特に避難口の鍵が開いている、ということはない。
確かにオートロックとはいえ、この手の鍵は単純で、セロテープ一枚も貼れば、自在に出入りできてしまう。
多くは、センサーや防犯カメラまで備えてないし、あってもそんなところの出入りには気が回っていない。
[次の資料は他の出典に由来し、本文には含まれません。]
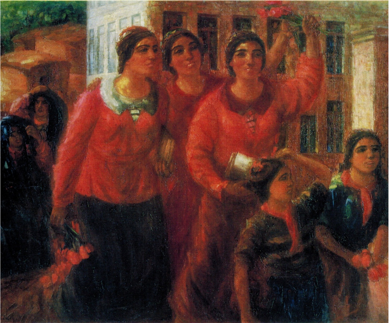
Рис. 6. Волков А.Н. «Студентки». 1935. Холст, масло. Собрание Государственного музея Искусств Республики Каракалпакстан имени И.В. Савицкого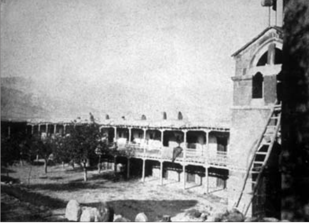
816. Manastırın avlusunun çevresindeki, manastır mensubu olmayanlara kapalı olan bölüm, Akhtamar (Rohrbach, age., no 47).

Vasburagan'ın birinci kazasına tekabül eden Vosdan, Hayots-Tzor, Van-Dosb ve Arcag nahiyeleriyle birlikte Rışduni prenslerinin elindeydi. Doğuda, Yeniçağ'da Osmanlı ve İran imparatorlukları arasındaki sınır boyunca uzanan bölgelerde, Arcag/Erçek Gölü'nün uzantısında yer alan, Palunik sülalesinin denetimindeki Mehnunik Prensliği, bu prensliğin güneyinde ise Büyük ve Küçük Ağpag tımarlarının yanı sıra Martbedagan Beyliği (kabaca, çağdaş dönemdeki Khoşab/Hoşap, Ağpag ve Seray/Mahmudiye kazaları) bulunuyordu; buralar Ardziruni prenslerinin ata mirası yurtlukları olup merkezleri Ağpag, Gankavan ve Hatamagerd'di. Hayots-Tzor ve Dosb arasında sıkışmış olan Yervantunik de feodal bir tımarı. Son olarak, Van Gölü'nün güneyindeyse Vasburagan'ın on birinci kazasını oluşturan son derece önemli iki prenslik, Mok/Moks/Moksene ve Antzevatsik prenslikleri yer almaktaydı.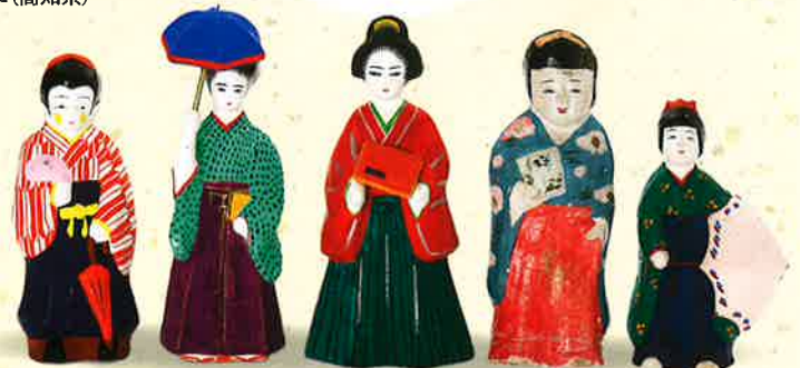
左から 会津中湯川人形(福島県)・長門張り子(山口県)・長門張り子(山口県)・佐土原人形(宮崎県)・古賀人形(長崎県)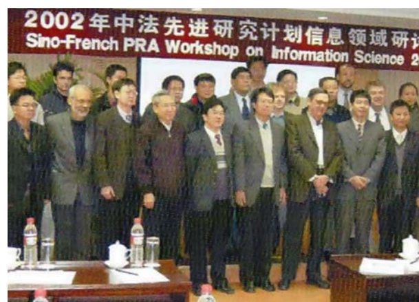
Chercheurs chinois et français lors du workshop sur les Sciences de l'Information (2002)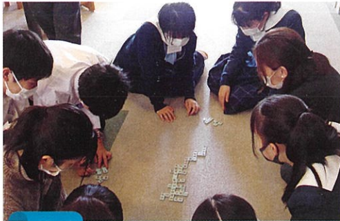
8月 イングリッシュキャンプ (県内のALTの先生と1泊2日で英語で活動)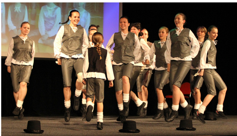
Oliver Twist. Aerobic Tlumačov předvedl skladbu Oliver Twist, se kterou se tým umístil na bronzové příčce DĚTI FITNESS aneb Sportem proti drogám v Praze.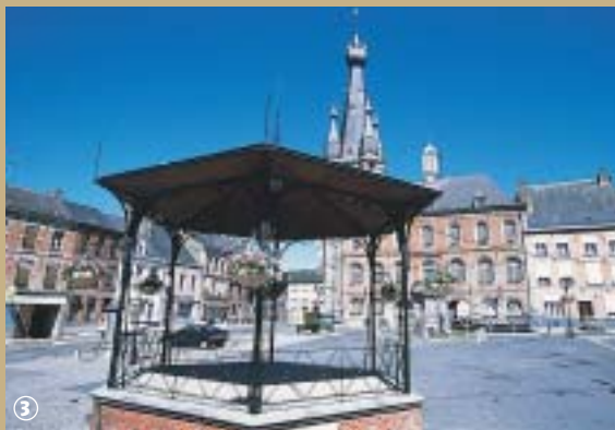
Grand-Place, Solre le Château

Solrines et Solre-le-Château doivent toutes deux leur nom au cours d'eau qui les traverse : la Solre, très appréciée des pêcheurs. Cette rivière, affluent de la Sambre, fut à l'origine du développement économique de ces communes, car les industries du cuir, du textile, les forges ou les brasseries utilisèrent l'énergie hydraulique fournie par la Solre pour fonctionner. Aussi, de nombreux moulins implantés le long de son cours, utilisaient l'eau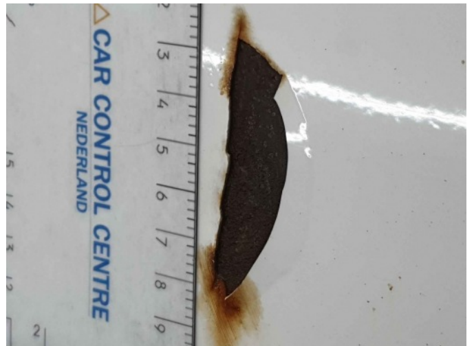
2. Portier voor - links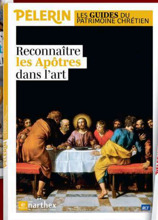
Reconnaitre les Apôtres dans l'art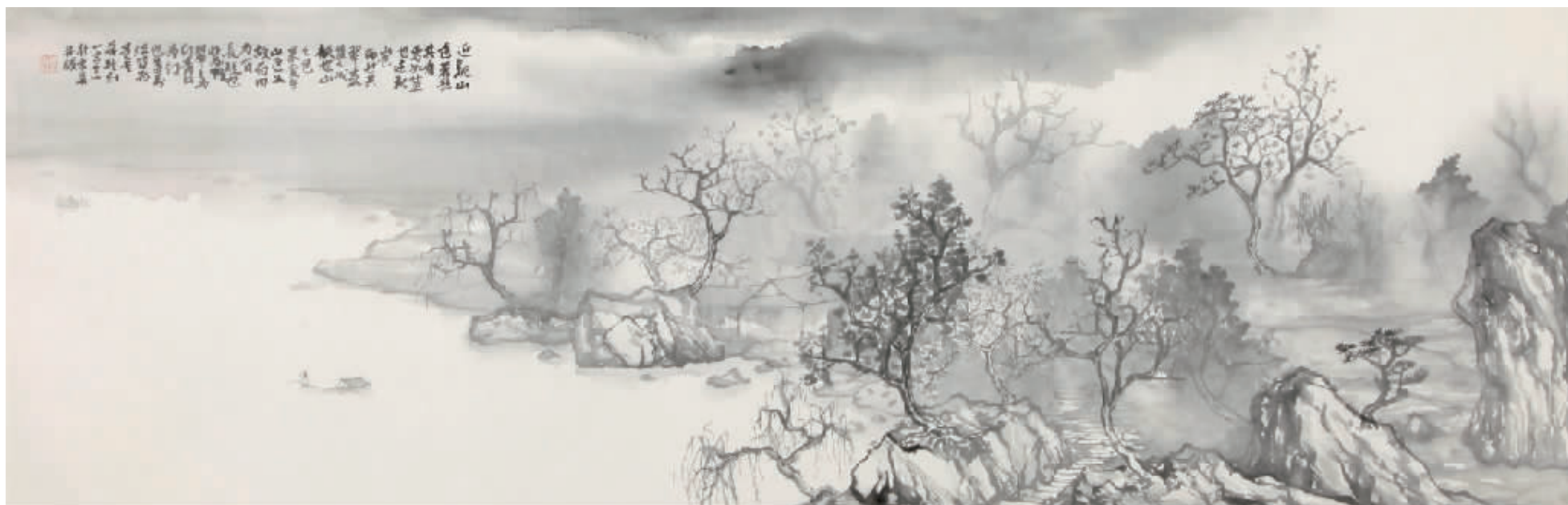
■ 中国画·雾江静韵 45cm×150cm

通報は、あくまで管理人の役目であることが多いので、常に目を光らす、等は現実には不可能なのだ。
忍び込むのは難しくは無い。
ヌーヌーは、鍵を開ける、等範囲の小さいことも可能だからだ。
ツカサの部屋は三階だが、夜間なら短時間で忍べるだろう。
ロックはヌーヌーで開けられる。
非常カメラは影繰りを映さない。
「今夜やるか?」
渡辺の問いにアイチは。
「そーだな」
ボソリと答えた。
勇気たち五人は、高屋や青山などから格闘の基礎を習っている。
一番の課題は、変身しないで影を使う事だ。
最悪、肉弾戦なら変身ヒーローでも巨大ロボットでも良いのだが、日常、即座に影繰りとバレるのはよろしくない。
色々テストの結果、勇気はパワーやスピードを強化出来るのが判り、樹冷涼は小型コンパスを物質化し、操れた。
愛理は治癒の力を持ち、レイナは小さなネズミを出して、偵察にも使えた。
問題は義郎だった。
影は出ているらしいのだが、目に見える力ではないらしく、さまざまな吉岡の検査でもどういう力か判断が出来ない。
多少力は強くなるようだが、動きはむしろ鈍くなっている。
「なんや、けったいな力やね。
でも、マコちゃんの力も他にあんまり出来る人の無い力やから、なんか強いかも知らんよ」
高屋は励ますが、他の四人はぐんぐん自分の力を伸ばしているので、義郎は、俯きがちだった。
元々、体は大きいが気は小さいところのあるデリケートな義郎である。
「あー、なんか俺も、こっち来いって言われたけど?」
井口が応援に小学生チームに加わった。
「ふーん、なんか力は出てるけど、なんだか判らない?」
そこに、青い顔をした誠が通りかかった。
透過をしないで格闘訓練をすべきだ、と颯太たちに言われ、思い悩んでいたのだ。
「あ、誠!」
「え、僕にそんなことは…」
話を聞いて、断ろうとした誠だが。
「試しにカラスを出して、力を使ってもらったらなにか判らないですか?」
「おお、そうだな」
とカラスを井口が出した。
「義郎君。
あのカラスを、君の力で捕まえて」
と誠はささやく。
ん、と義郎が力を使うと…。
「あれ、カラスが遅くなったな…」
おお、とみんなが義郎に注目する。
「早く出来るか?」
勇気のリクエストに、
カラスは弾丸のように飛び出した。
「早くしたり遅くする力って、聞いたこと無いな」
高屋も驚く。
「おそらく巨大ロボットの駆動力、って感じじゃないですか」
誠は語ってから、これからの自分の事を思い、また青ざめた。